Per il tipo di N. stante, che appare di preferenza in rilievi e su gemme, ma anche in pitture e mosaici, si può presupporre un originale statuario posteriore al IV sec. a. C., opera di un artista che avesse conosciuto gli insegnamenti sia di Prassitele che di Lisippo.
La statua di N. descritta da Callistrato (Ekphr., 5) non doveva sicuramente esistere in realtà, ma fu ideata dall'autore a scopo retorico.
Monumenti considerati. - Si trovano raccolti nel volume di D. Levi cit. in bibl., a cui si aggiunga: K. Schefold, Die Wände Pompejis, Berlino 1957, p 371 (per i dipinti pompeiani) e F. Chapouthier, Les peintures murales d'un hypogée funéraire pres de Messyef, in Syria, xxxi, 1954, p. 173 ss.
Tipo A (= N. seduto): Pompei: Casa dell'Ara Massima, Casa di Lucrezio Frontone, Casa dell'Efebo di Bronzo, Casa della Regio v, 2, 14, Casa della Pescatrice, Casa dei Dioscuri, Villa di Diomede; Messyef, ipogeo; Antiochia: Casa del Narciso, Casa del Menandro, Casa del Buffet Supper.

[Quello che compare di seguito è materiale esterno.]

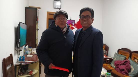 杨杰芳、周诚一行来到左家文、刘兴邦等老同志及劳模家中,详细了解他们的生活、身体近况,感谢他们为院林业发展殚精竭虑、无私奉献的精神,并送上节日的祝福。
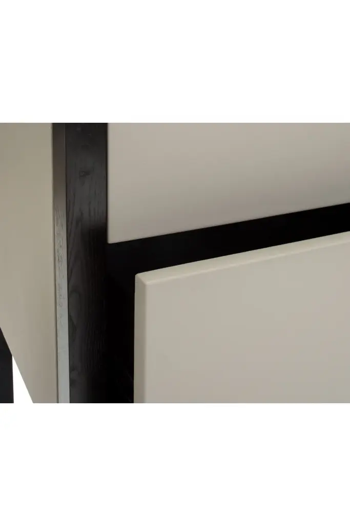 Textured faux leather and solid Ash work in harmony to create this modern chest of drawers. the cubed frame gives substance and with two ample drawers, the Roux is a perfect storage piece for a hall or bedroom.(When placing directly onto the carpet, please use a continuous adhesive strip felt pad underneath the wooden frame to protect the carpet. Felt is not provided).
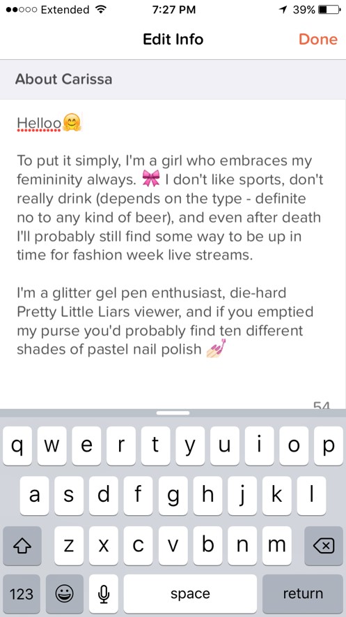 I decided to try something earlier this month after seeing an internet post that was making the rounds. It claimed that men treat women a lot differently on Tinder if their bios make them seem like the ultimate “girly girl.” Here is the faux-bio that I promptly wrote up:
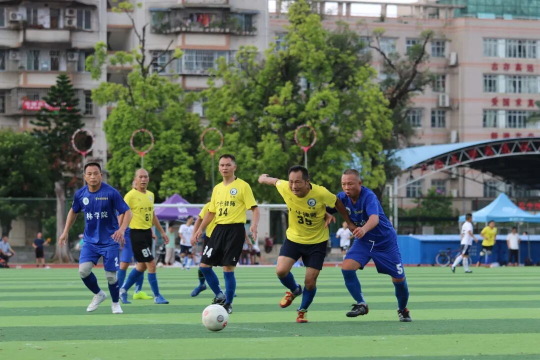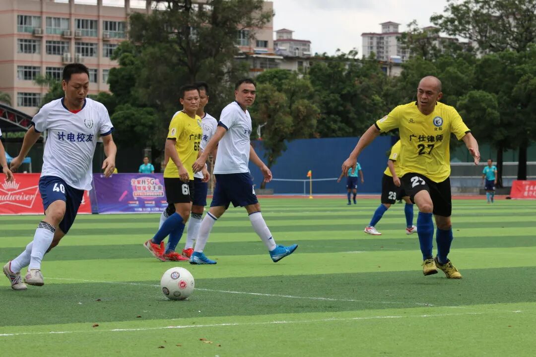 2021年8月15日下午三点半,35+组商院校友队与法学院校友队在广西大学西体展开了对决。
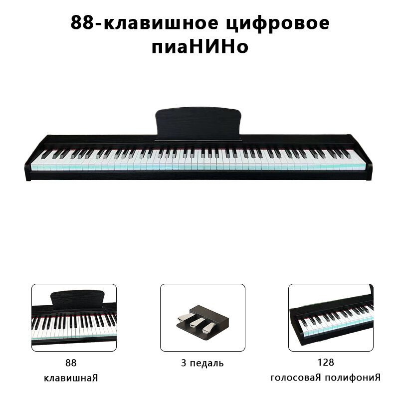 Цифровое пианино, 88 клавиш, портативное, Bluetooth, без педали, черная интересное:
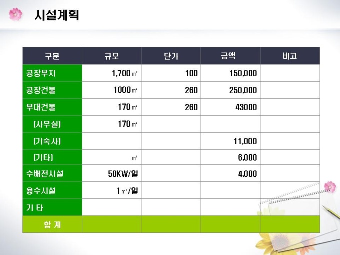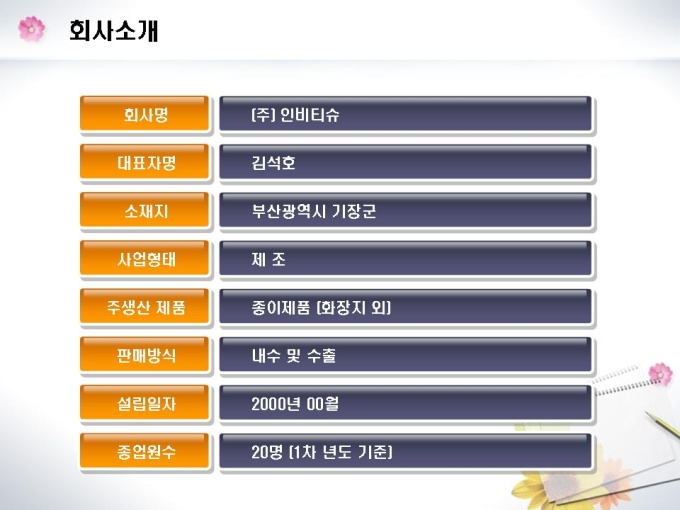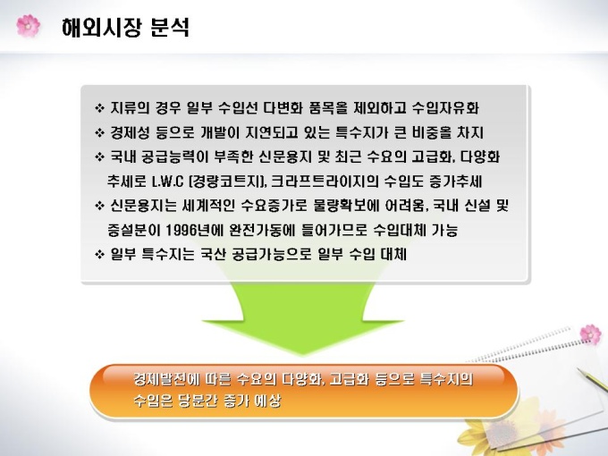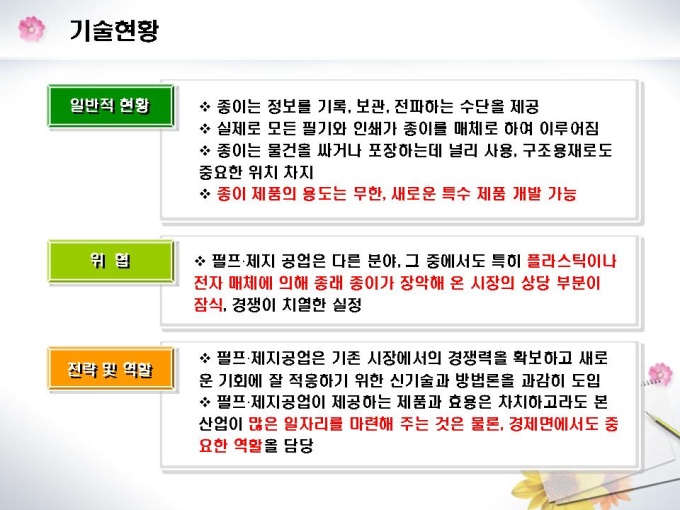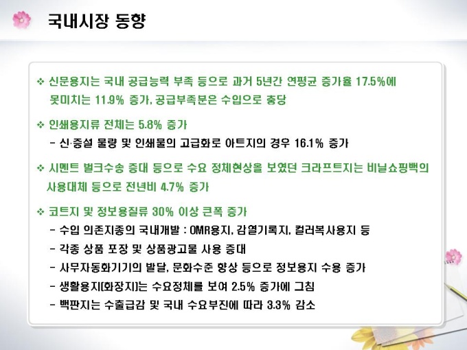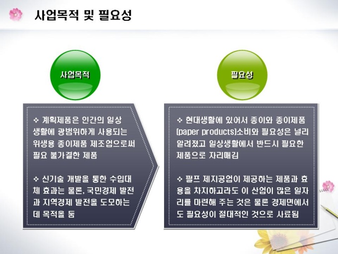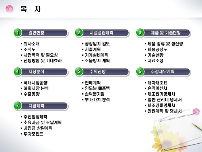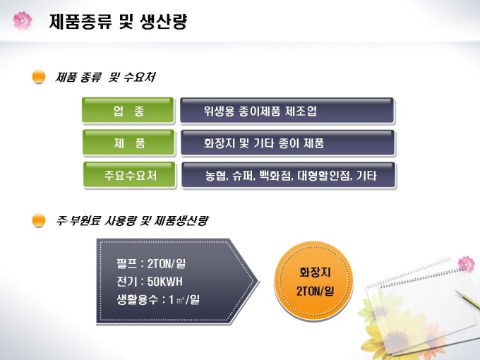 화장지 및 종이제조업체의 창업 사업계획서입니다. 목차는 1.일반현황 2.시설설립계획 3.제품 및 기술현황 4.시장분석 5.수익전망 6.추정재무계획 7.자금계획으로 구성되어있습니다.
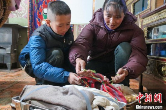 圖為格桑媽媽把糌粑等物品裝入格桑行李中。羅發(fā)燕 攝
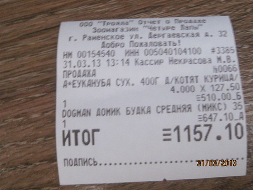 купила в чеках-корм сухой для котят Флатозор(400гр)
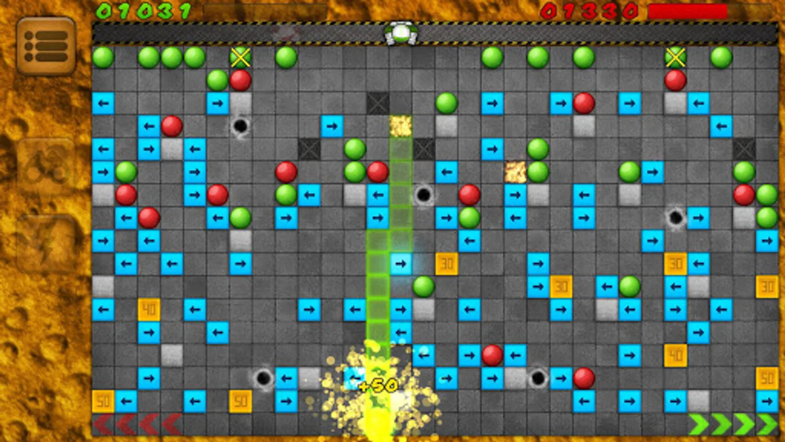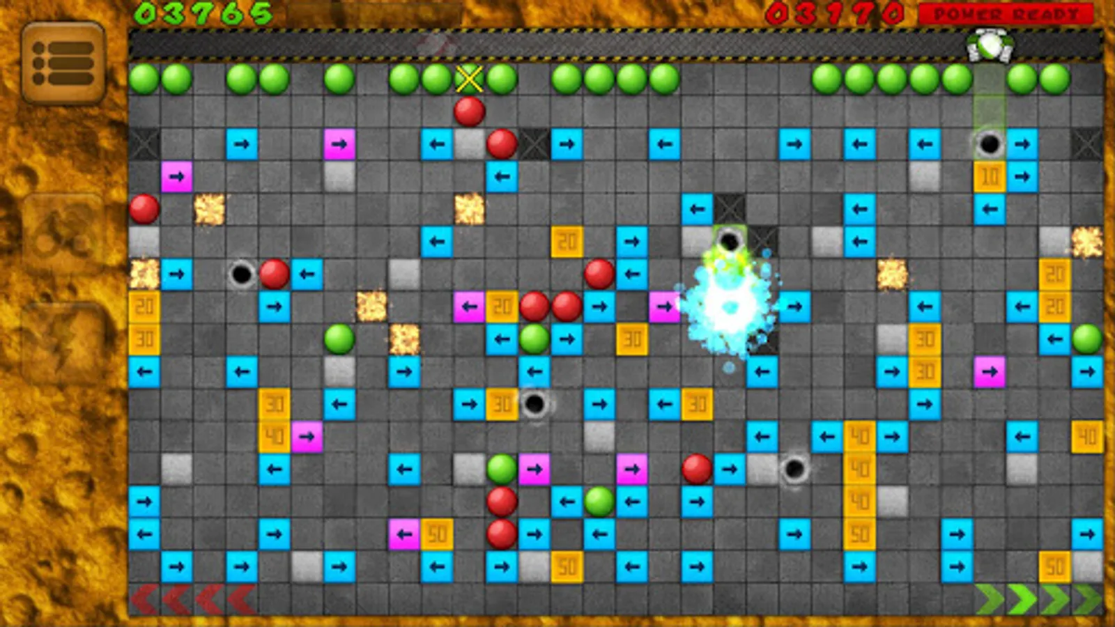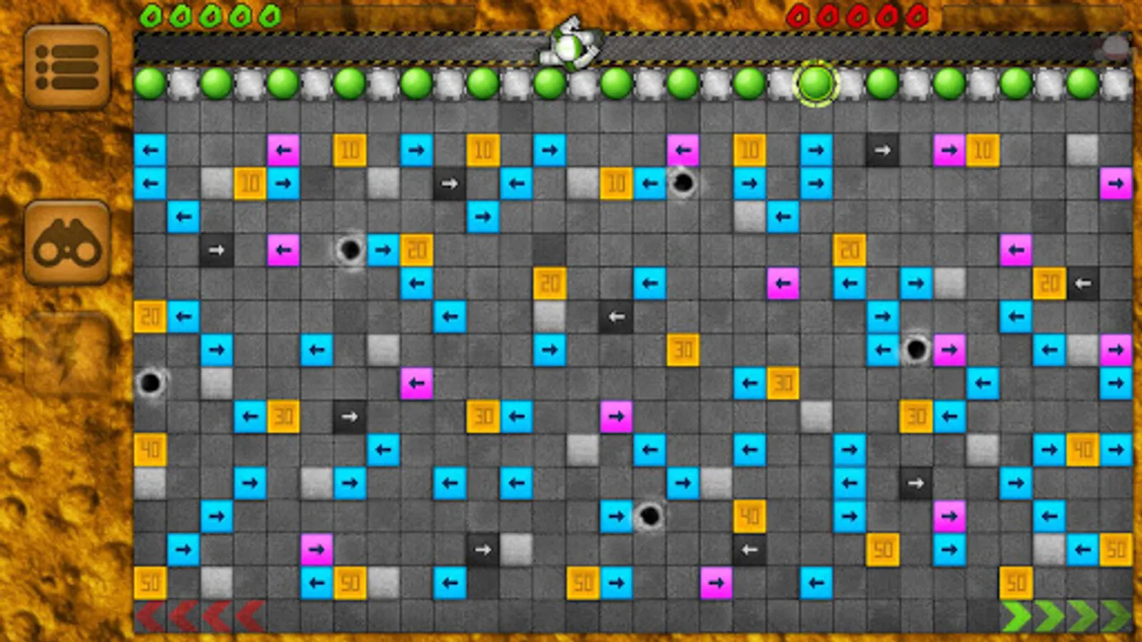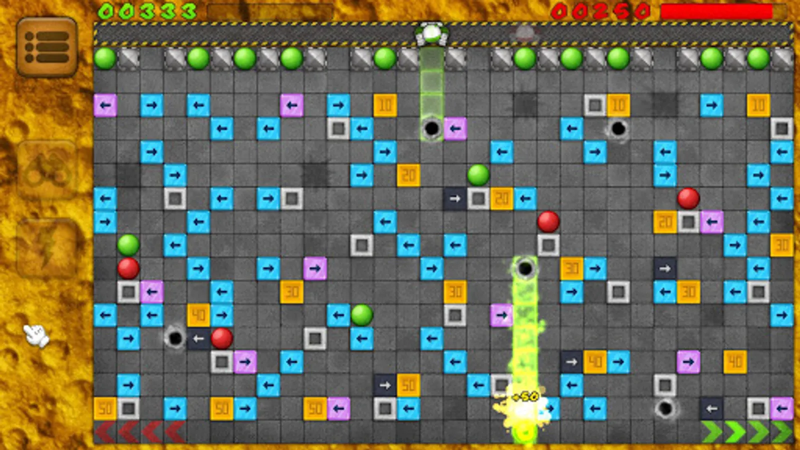 Your objective is to get your own balls to the bottom of a maze. Well, it's not as easy as it sounds. The levels are filled with obstacles: various arrow ramps, concrete walls and teleportation portals which will affect the movement direction of the ball.

Tipo B (N. stante): statuetta in terracotta di tipo Tanagra; rilievo di Palazzo Colonna; sarcofagi; puteal di Ostia; dipinto da una Villa presso Torre Annunziata; Pompei: Casa di Ganimede, Casa sulla Strada di Holconius; Antiochia: Casa del Pavimento Rosso. Mosaici: da Orbe (Svizzera), da Vaison ad Avignone; dal calidarium di Henshir Thira (Tunisia), da Villelaure in Vaucluse. Gemme (a Berlino e Firenze).
Bibl.: S. Eitrem, in Pauly-Wissowa, XVI, 1935, c. 1721 ss., s. v. Narkissos; D. Levi, Antioch Mosaic Pavements, Princeton 1947, I, p. 60 ss.; A. Wesselski, Narkissos oder das Spiegelbild, in Archiv Orientálni, 1935, p. 37 ss.; 328 ss.